#### What you have to do:
From the records below, please print only the lines from the one containing "Nie będzie łatwo" through the one containing "Business cards with", both included. Skip the pictures.

#### Extracted records:
::::

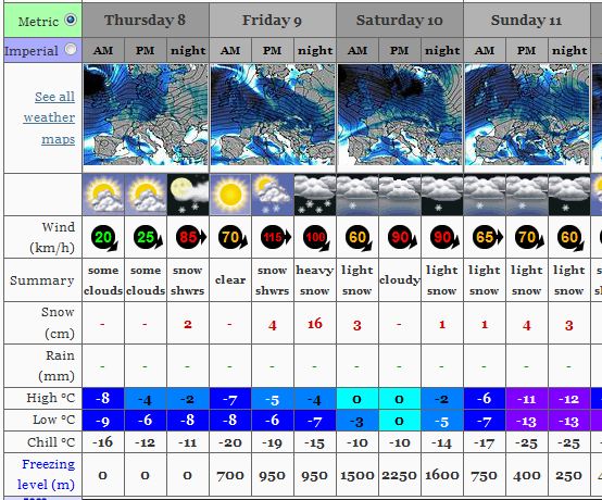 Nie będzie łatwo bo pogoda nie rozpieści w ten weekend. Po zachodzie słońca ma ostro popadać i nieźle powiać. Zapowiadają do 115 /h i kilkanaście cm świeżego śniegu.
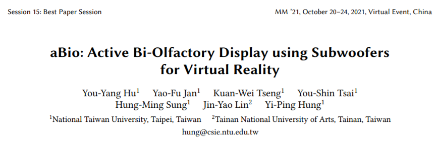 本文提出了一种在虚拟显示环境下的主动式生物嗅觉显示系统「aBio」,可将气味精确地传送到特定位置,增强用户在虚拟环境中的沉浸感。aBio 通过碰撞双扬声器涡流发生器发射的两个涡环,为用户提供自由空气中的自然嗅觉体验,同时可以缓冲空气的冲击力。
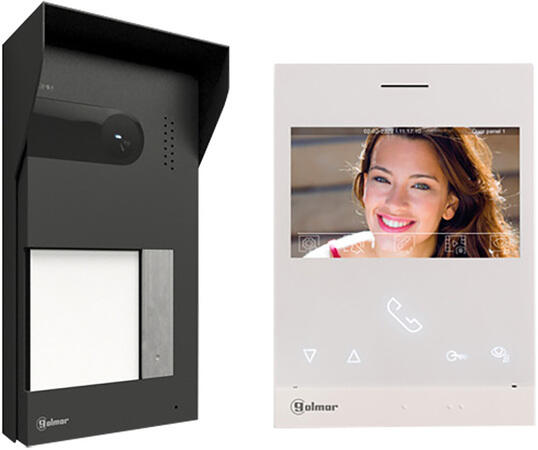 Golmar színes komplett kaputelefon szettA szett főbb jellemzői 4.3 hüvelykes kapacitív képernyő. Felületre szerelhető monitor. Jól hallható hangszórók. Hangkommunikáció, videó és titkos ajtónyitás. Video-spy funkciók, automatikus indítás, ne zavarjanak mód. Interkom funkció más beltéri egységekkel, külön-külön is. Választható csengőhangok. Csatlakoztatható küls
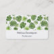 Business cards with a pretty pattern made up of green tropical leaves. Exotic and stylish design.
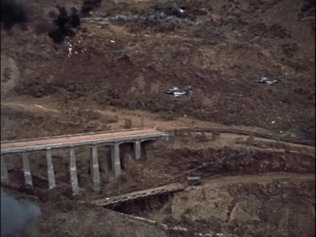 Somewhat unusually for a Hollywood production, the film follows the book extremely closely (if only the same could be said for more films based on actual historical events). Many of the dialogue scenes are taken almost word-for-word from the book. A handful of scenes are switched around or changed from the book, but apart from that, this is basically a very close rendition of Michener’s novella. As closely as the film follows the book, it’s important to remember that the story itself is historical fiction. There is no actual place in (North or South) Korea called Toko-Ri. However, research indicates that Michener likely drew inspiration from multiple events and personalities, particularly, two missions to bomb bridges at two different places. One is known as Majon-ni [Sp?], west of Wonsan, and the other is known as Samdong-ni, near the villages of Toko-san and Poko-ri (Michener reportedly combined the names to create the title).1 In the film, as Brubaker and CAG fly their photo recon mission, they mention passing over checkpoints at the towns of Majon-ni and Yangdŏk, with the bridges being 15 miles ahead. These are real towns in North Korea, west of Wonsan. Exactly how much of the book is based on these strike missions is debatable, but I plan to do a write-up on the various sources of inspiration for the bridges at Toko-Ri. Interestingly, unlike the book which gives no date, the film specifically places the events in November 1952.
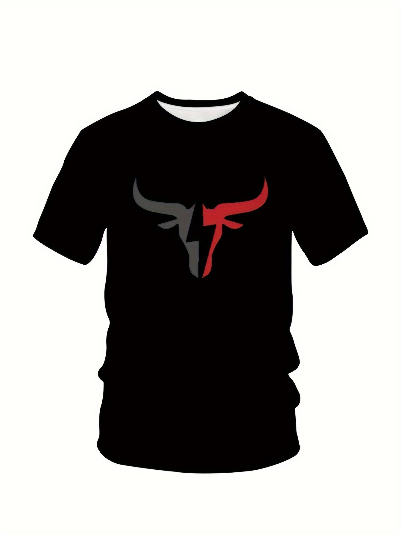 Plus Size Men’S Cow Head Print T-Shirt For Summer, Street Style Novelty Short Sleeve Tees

::::

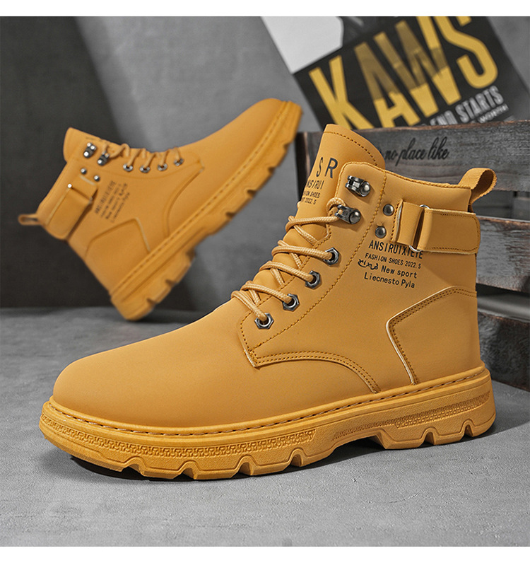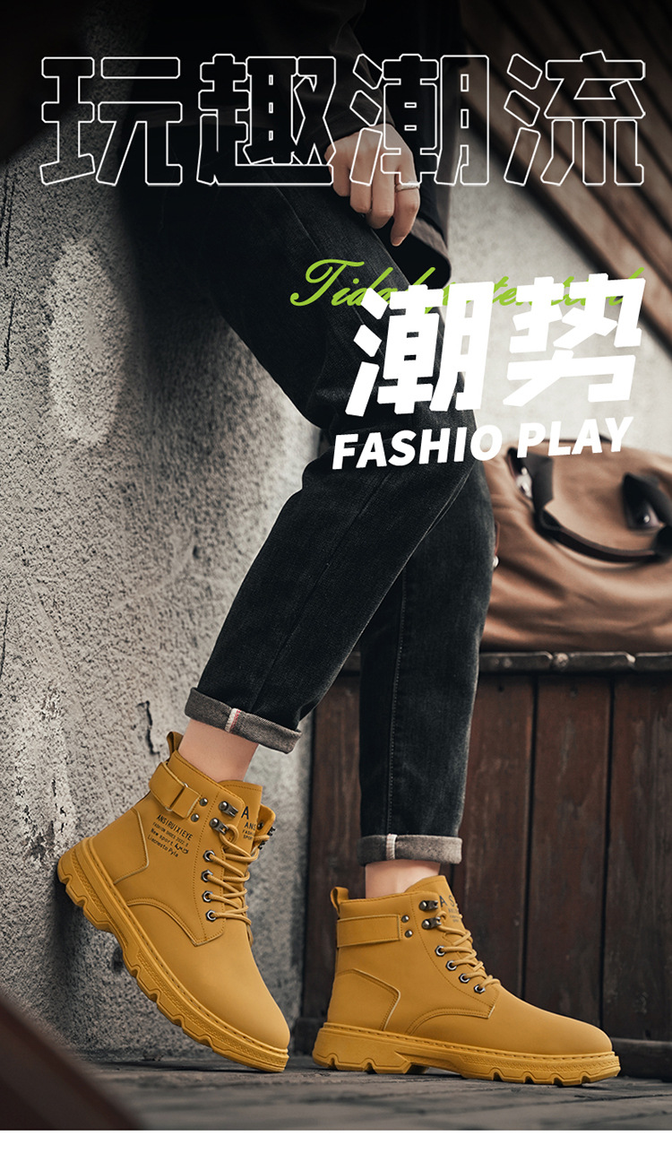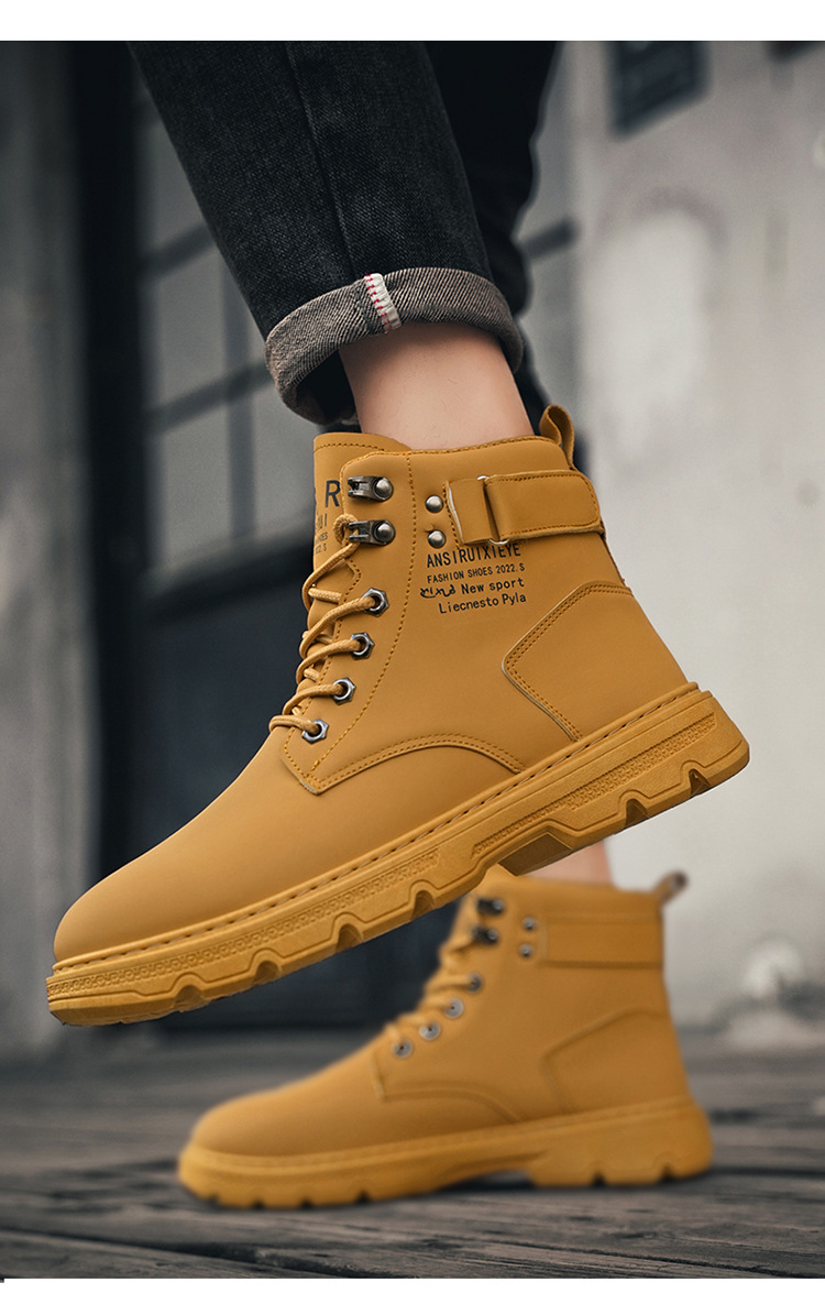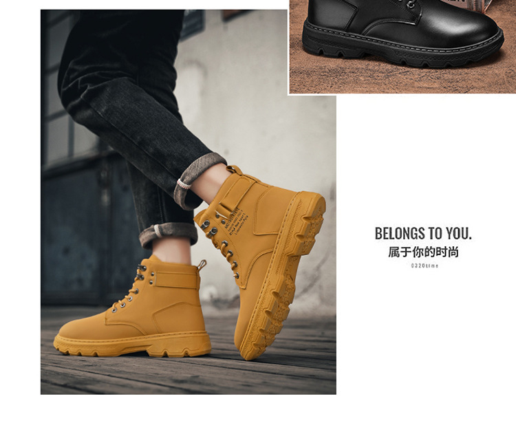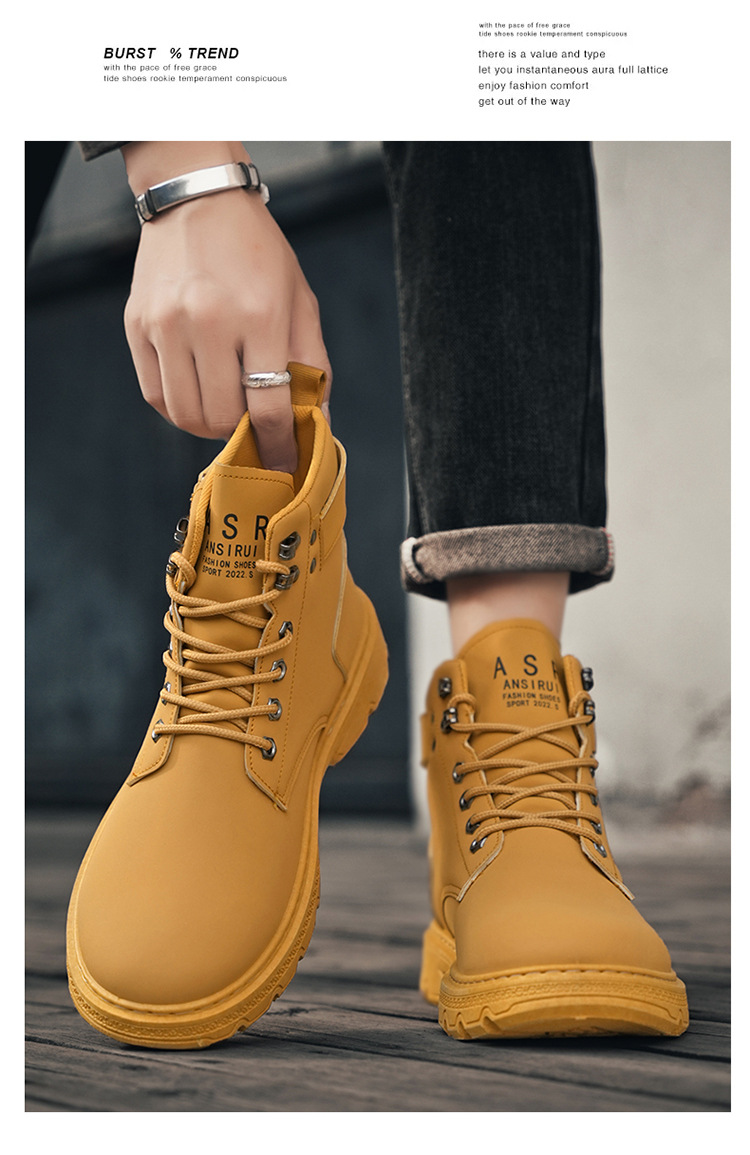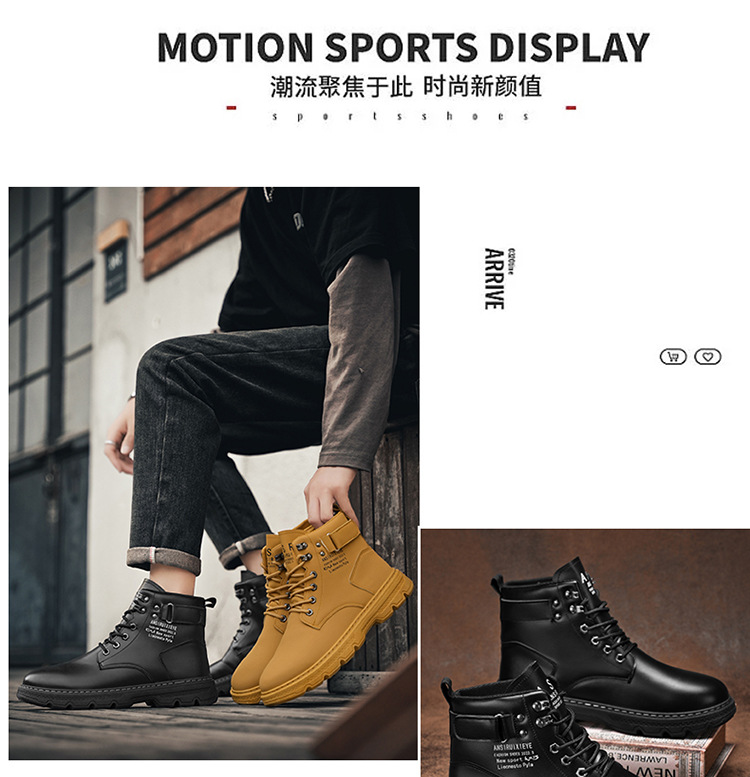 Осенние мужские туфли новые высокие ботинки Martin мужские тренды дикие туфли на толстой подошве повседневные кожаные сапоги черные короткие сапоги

::::

#### Exercise answer:
 Nie będzie łatwo bo pogoda nie rozpieści w ten weekend. Po zachodzie słońca ma ostro popadać i nieźle powiać. Zapowiadają do 115 /h i kilkanaście cm świeżego śniegu.
 本文提出了一种在虚拟显示环境下的主动式生物嗅觉显示系统「aBio」,可将气味精确地传送到特定位置,增强用户在虚拟环境中的沉浸感。aBio 通过碰撞双扬声器涡流发生器发射的两个涡环,为用户提供自由空气中的自然嗅觉体验,同时可以缓冲空气的冲击力。
 Golmar színes komplett kaputelefon szettA szett főbb jellemzői 4.3 hüvelykes kapacitív képernyő. Felületre szerelhető monitor. Jól hallható hangszórók. Hangkommunikáció, videó és titkos ajtónyitás. Video-spy funkciók, automatikus indítás, ne zavarjanak mód. Interkom funkció más beltéri egységekkel, külön-külön is. Választható csengőhangok. Csatlakoztatható küls
 Business cards with a pretty pattern made up of green tropical leaves. Exotic and stylish design.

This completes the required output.